Find all real numbers $x$ such that $\sqrt{x+2\sqrt{x}-1}+\sqrt{x-2\sqrt{x}-1}$ is a real number

Question

I want to find all values of $x\in \mathbb R$ such that the value of $\sqrt{x+2\sqrt{x}-1}+\sqrt{x-2\sqrt{x}-1}$ is a real number.

I solved it as follows:

$x+2\sqrt{x}-1\ge 0$

$(\sqrt{x}+1)^2-2\ge 0$

$(\sqrt{x}+1)^2\ge 2$

$\sqrt{x}+1\ge 2$ or $\sqrt{x}+1\le -\sqrt{2}$

The second can't hold, from the first $x\ge 3-2\sqrt{2}$.
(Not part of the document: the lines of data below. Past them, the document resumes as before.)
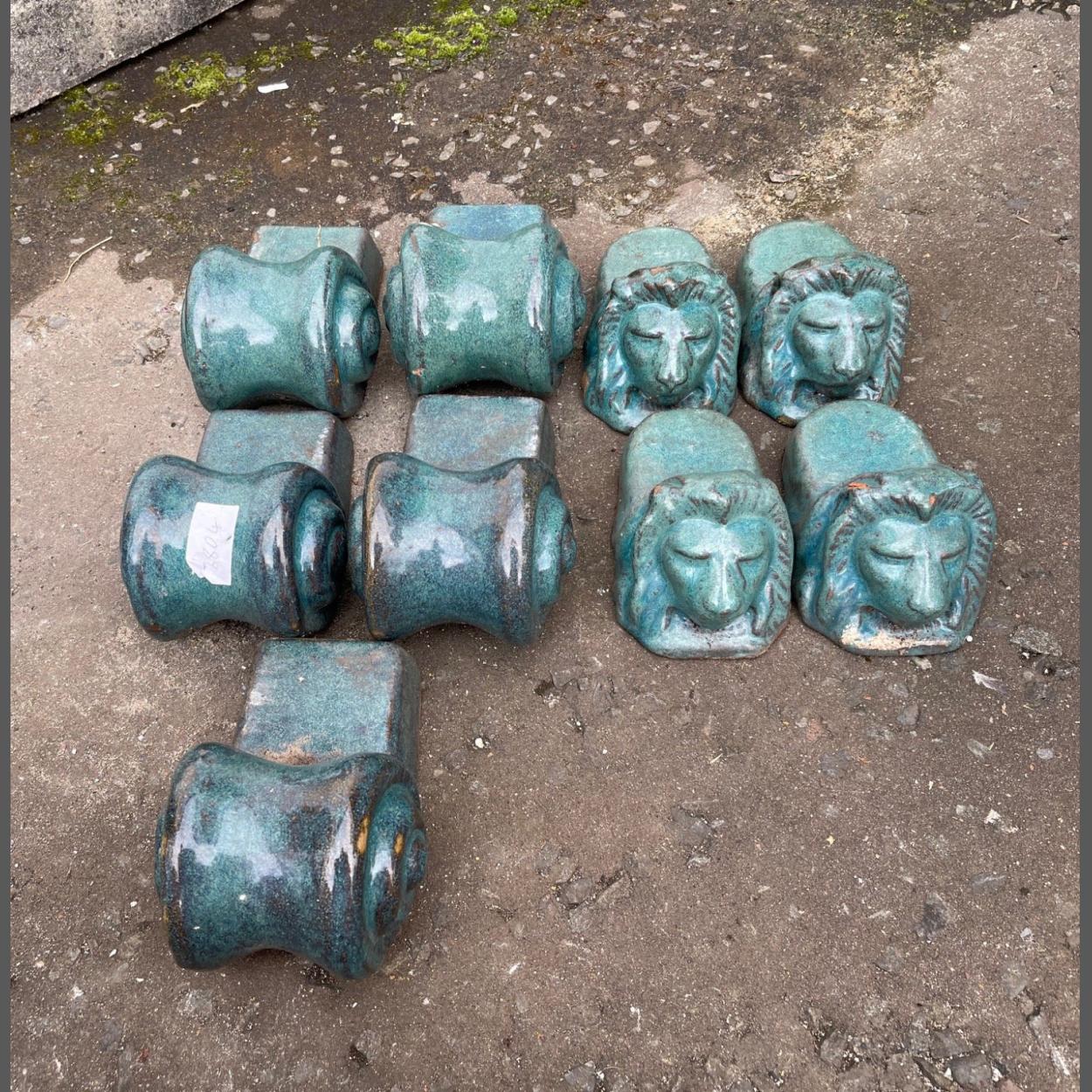 Four blue terracotta lion head plant pot stands plus 5 blue scroll plant pot stands
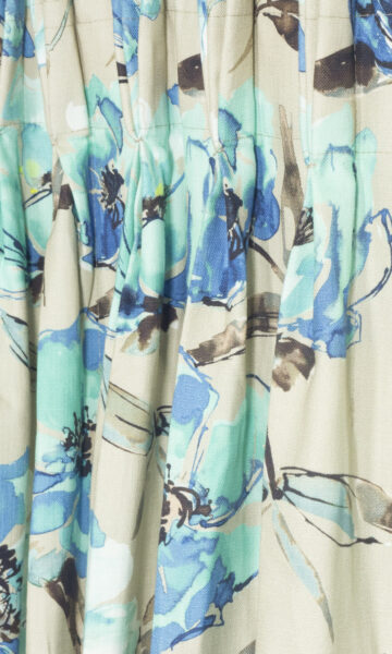 Cotton with a modern twist on florals. Fresh and spring-like – on a stunning palette of blues and beige, the floral design is definitely on the larger than life side while the colorway is gentle and soft. It’s a mixed bag that works so well. Perfectly and utterly elegant.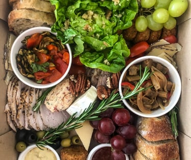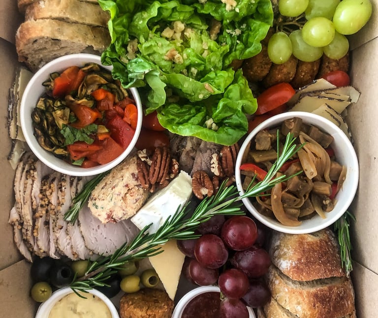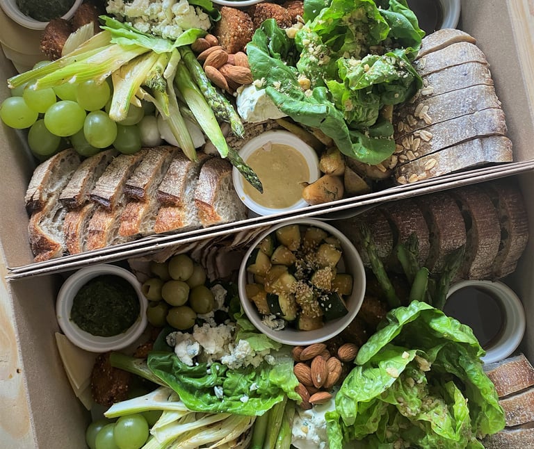 Sourdough de centeno y sourdough de avena y nueces. Lomo de cerdo, pastrami de pavo y falafel. Ciliegine, queso azul, láminas de parmesano y dip de queso con hierbas. Pesto, mermelada de naranja y salsa de mostaza con vino. Cogollo, cepa de hinojo, aceitunas verdes, espárragos, ensalada de zucchini asado, uvas verdes, peras caramelizadas y almendras.

Similarly $(\sqrt{x}-1)^2\ge 2$, hence $x\ge 3+2\sqrt{2}$.

I find my solution to be very ugly. Is my solution correct and is there a neater approach?

Answer 1

The requirement $x\ge0$ is obvious. The expression is real iff $(\sqrt{x}\pm1)^2\ge2$ for both choices of $\pm$, i.e. neither $\sqrt{x}\pm1$ is in $(-\sqrt{2},\,\sqrt{2})$, i.e .$\sqrt{x}\notin[0,\,1+\sqrt{2})\cup[0,\,\sqrt{2}-1)=[0,\,1+\sqrt{2})$, since $\sqrt{x}\ge0$. The solution set is $[3+2\sqrt{2},\,\infty)$, as in @alex.jordan's answer.

Answer 2

Let's use Mathematica for an overview plot:

ReImPlot[Sqrt[x + 2 Sqrt[x] - 1] + Sqrt[x - 2 Sqrt[x] - 1],
         {x, -1, 7}, PlotPoints -> 10^3, 
         GridLines -> {{0, 3 - 2 Sqrt[2], 3 + 2 Sqrt[2]},
                       {0, 2 Sqrt[Sqrt[2] - 1], 2, 2 Sqrt[1 + Sqrt[2]]}}, 
         PlotTheme -> "Scientific"]

• For $x<0$ the function is purely real.
• For $0\le x\le 3-2\sqrt{2}$ the function is purely imaginary.
• For $3-2\sqrt{2}<x<3+2\sqrt{2}$ the function has nonvanishing real and imaginary parts.
• For $x\ge3+2\sqrt{2}$ the function is purely real.